╭──

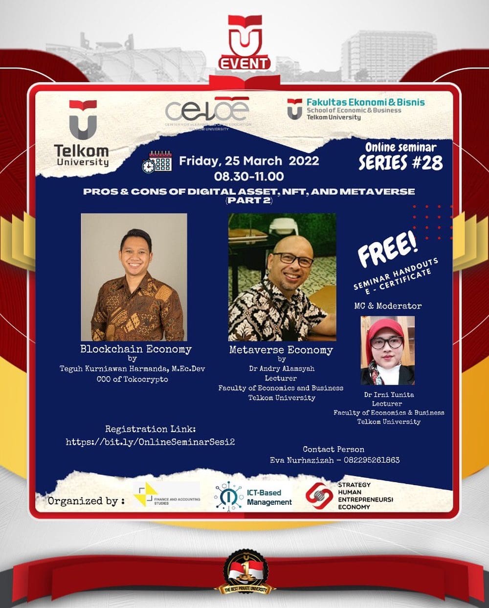 Fakultas Ekonomi dan Bisnis, Universitas Telkom dengan bangga mempersembahkan Online Seminar dengan tema :
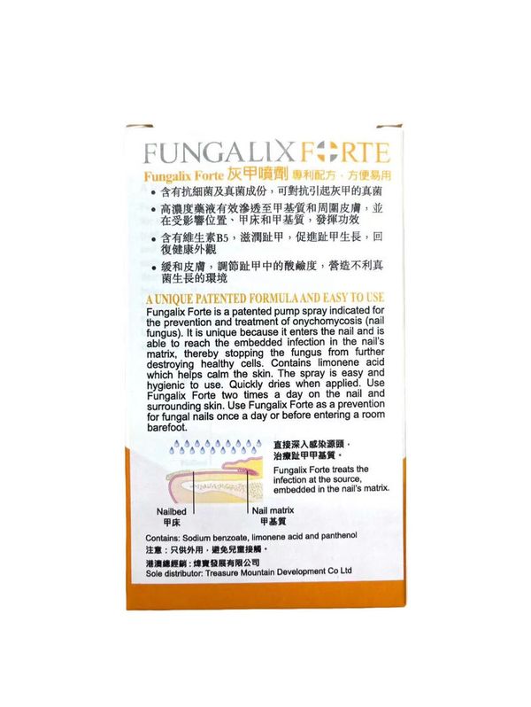 Fungalix Forte灰甲噴劑30ml 專利配方<可對抗引起灰甲的真菌,凋調節甲中酸鹼度,營造不利真菌生長的環境,保護甲膚,勿需挫甲>有效期:04/2026
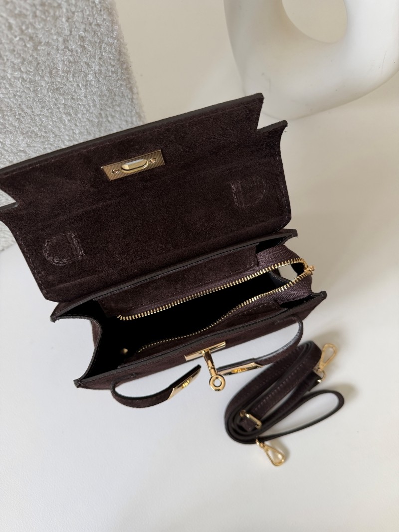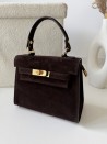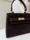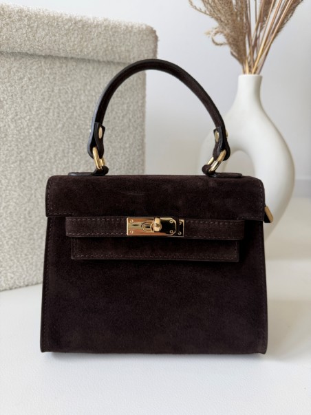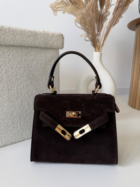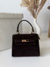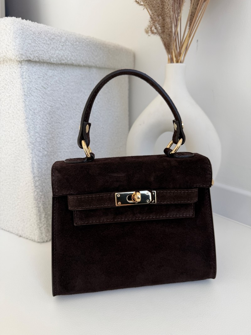 Elegancka torebka zamszowa Herme ze skóry naturalnej w kolorze czekoladowym
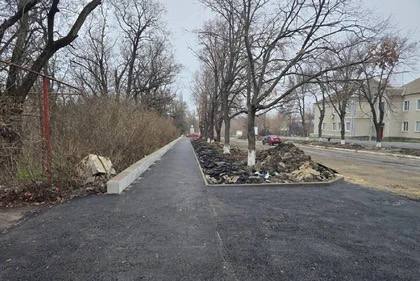 Специалисты уже завершили укладку бордюров на пешеходных зонах, брусчатки и заасфальтировали часть улицы Ленина.
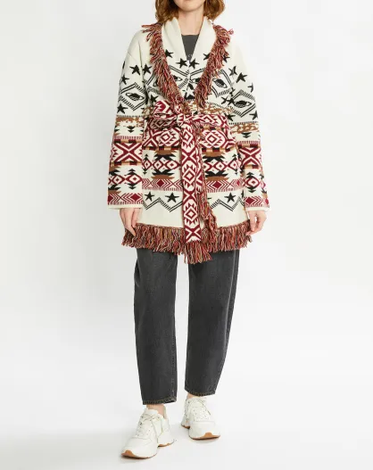 Gilet à franges en Laine mélangée Jacquard multicolore
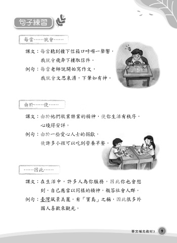 句子練習 每當……就會…… 課文: 每當聽到樓下信箱口咔嚓一聲響, 我就會飛奔下樓取信件。 例句: 每當老師說開始寫作文, 我就會文思泉湧,下筆如有神。 由於……使…… 課文: 由於他們敬業樂業的精神,使你生活有秩序, 心境得安詳。 例句: 由於一些愛心人士的捐獻, 使許多小孩可以吃到營養早餐。 ……因此…… 課文: 在生活中,許多人為你服務,因此你也會想 到,自己應當以同樣的精神,報答社會人群。 例句: 臺灣風景美麗,有「寶島」之稱,因此很多外 國人喜歡來觀光。 華文補充教材3 9

╰──

- Work item
Leaving out the pictures, output each line above exactly as it is.

- Exercise output
 Fakultas Ekonomi dan Bisnis, Universitas Telkom dengan bangga mempersembahkan Online Seminar dengan tema :
 Fungalix Forte灰甲噴劑30ml 專利配方<可對抗引起灰甲的真菌,凋調節甲中酸鹼度,營造不利真菌生長的環境,保護甲膚,勿需挫甲>有效期:04/2026
 Elegancka torebka zamszowa Herme ze skóry naturalnej w kolorze czekoladowym
 Специалисты уже завершили укладку бордюров на пешеходных зонах, брусчатки и заасфальтировали часть улицы Ленина.
 Gilet à franges en Laine mélangée Jacquard multicolore
 句子練習 每當……就會…… 課文: 每當聽到樓下信箱口咔嚓一聲響, 我就會飛奔下樓取信件。 例句: 每當老師說開始寫作文, 我就會文思泉湧,下筆如有神。 由於……使…… 課文: 由於他們敬業樂業的精神,使你生活有秩序, 心境得安詳。 例句: 由於一些愛心人士的捐獻, 使許多小孩可以吃到營養早餐。 ……因此…… 課文: 在生活中,許多人為你服務,因此你也會想 到,自己應當以同樣的精神,報答社會人群。 例句: 臺灣風景美麗,有「寶島」之稱,因此很多外 國人喜歡來觀光。 華文補充教材3 9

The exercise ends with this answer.